Repeat every line of the data exactly; the pictures stay out.

Source material —
▼

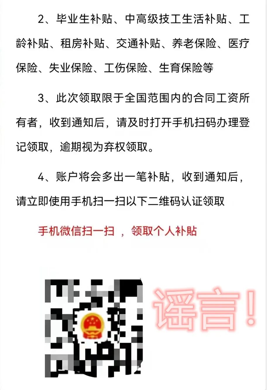 告诉您扫描就可以领取补贴
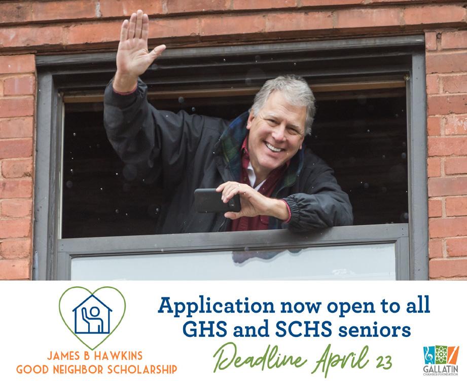 In 2020, the Gallatin Chamber Foundation expanded its awards to include scholarships for graduating seniors, to honor the late Jim Hawkins, a champion for education and the Gallatin area. The James B. Hawkins Good Neighbor Scholarship is available to seniors at Gallatin High School, Liberty Creek High School, and Station Camp High School who exemplify the traits of a good citizen.
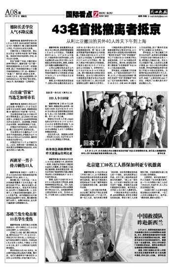 43名首批撤离者抵京
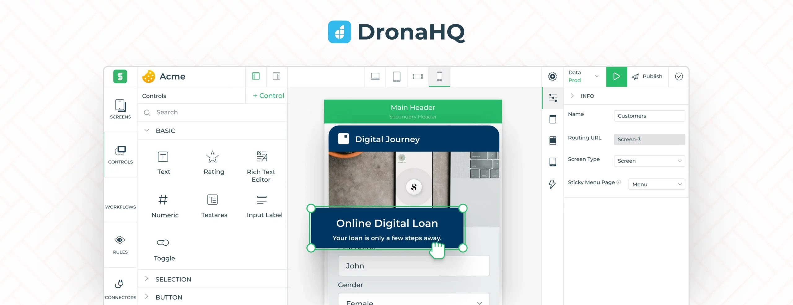DronaHQ is a low-code app development platform that offers one of the best drag-and-drop experiences for not only mobile but web apps as well. Our customers have used it to build internal tools, web portals, admin panels, CRUD apps, forms, and custom apps.

▲

Solution to the problem —
 告诉您扫描就可以领取补贴
 In 2020, the Gallatin Chamber Foundation expanded its awards to include scholarships for graduating seniors, to honor the late Jim Hawkins, a champion for education and the Gallatin area. The James B. Hawkins Good Neighbor Scholarship is available to seniors at Gallatin High School, Liberty Creek High School, and Station Camp High School who exemplify the traits of a good citizen.
 43名首批撤离者抵京
DronaHQ is a low-code app development platform that offers one of the best drag-and-drop experiences for not only mobile but web apps as well. Our customers have used it to build internal tools, web portals, admin panels, CRUD apps, forms, and custom apps.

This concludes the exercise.